Summary and Info
This unique volume gives readers a front-row seat at an exciting and crucial symposium. Recent advances in theory and treatment have significantly increased our understanding of obsessive-compulsive disorder (OCD). Yet research on OCD generally falls in categories of either behavioral or biological, and rarely do the two meet. Concepts and Controversies in Obsessive-Compulsive Disorder bridges this gap admirably. Featuring an international panel of 42 experts, this volume focuses in depth on—and presents opposing viewpoints to —the seven conceptual and practical disputes that characterize the field today: - categorical versus dimensional perspectives on symptoms - animal versus behavioral models - single OCD entity versus OCD spectrum - neuropsychiatric versus cognitive-behavioral models - cognitive therapy versus exposure therapy - self-directed versus therapist-directed treatment - medication versus cognitive-behavioral therapy These issues are presented in a debate format, with each side contributing a position paper on the topic, followed by a rebuttal from the opposite perspective.

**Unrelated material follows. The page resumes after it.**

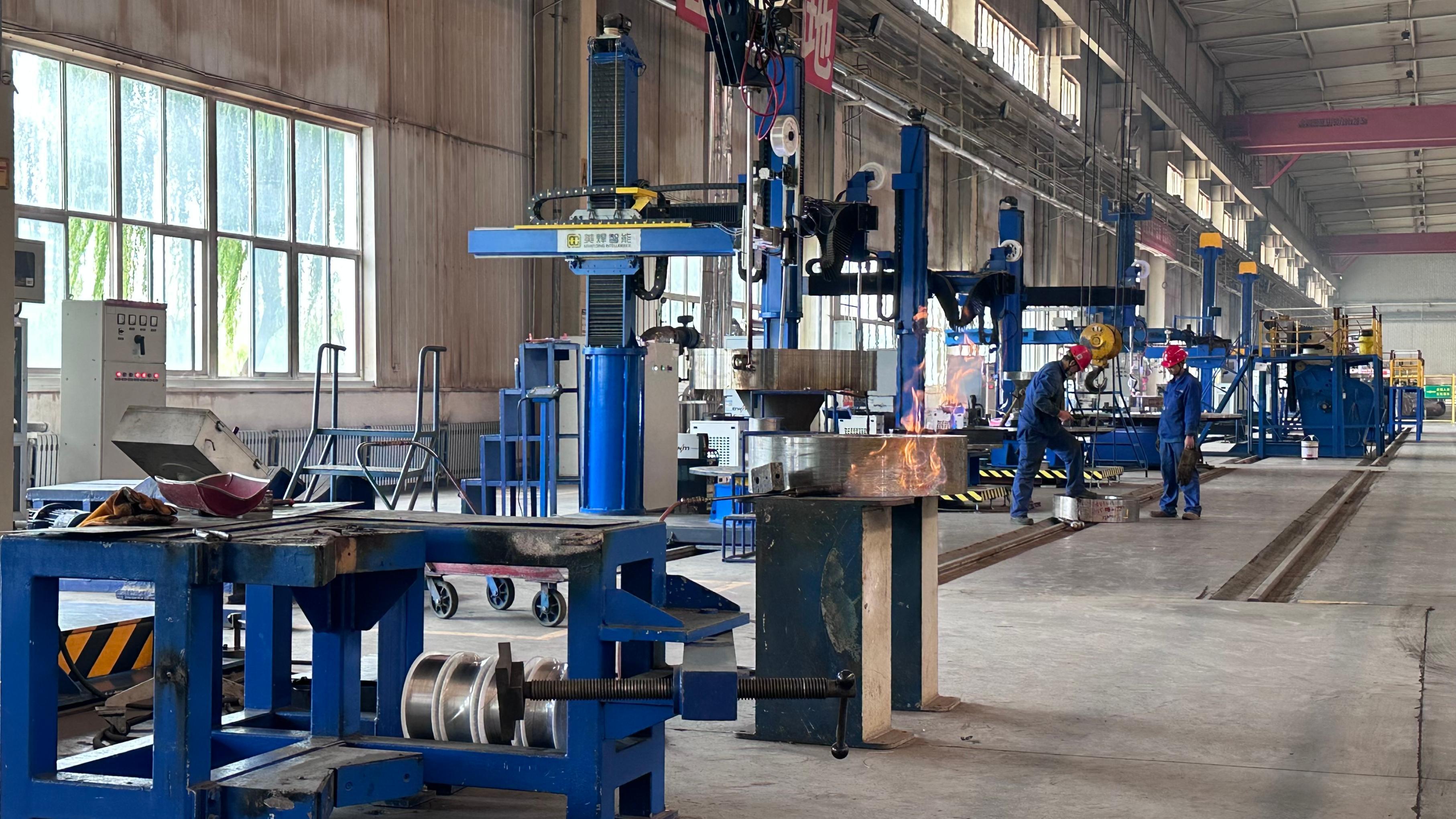 车间内,自动焊接设备正在进行焊接工作。人民网记者王绍绍摄

To further enrich the debate, timely chapters examine special areas such as sexual addictions, body dysmorphic disorder, trichotillomania, Tourette’s syndrome, and compulsive shopping in the context of OCD. This level of discussion and argument, with its possibility for collaboration and integration, makes Concepts and Controveries of Obsessive Compulsive Disorder unique and productive reading for students, researchers, and therapists of all orientations as they design the next generation of theory and greater nuances of treatment.
More About the Author
Jonathan ("Jon") Stuart Abramowitz (born 1969, Baltimore MD) is an American clinical psychologist and Professor in the Department of Psychology and Neuroscience at the University of North Carolina at Chapel Hill (UNC-CH).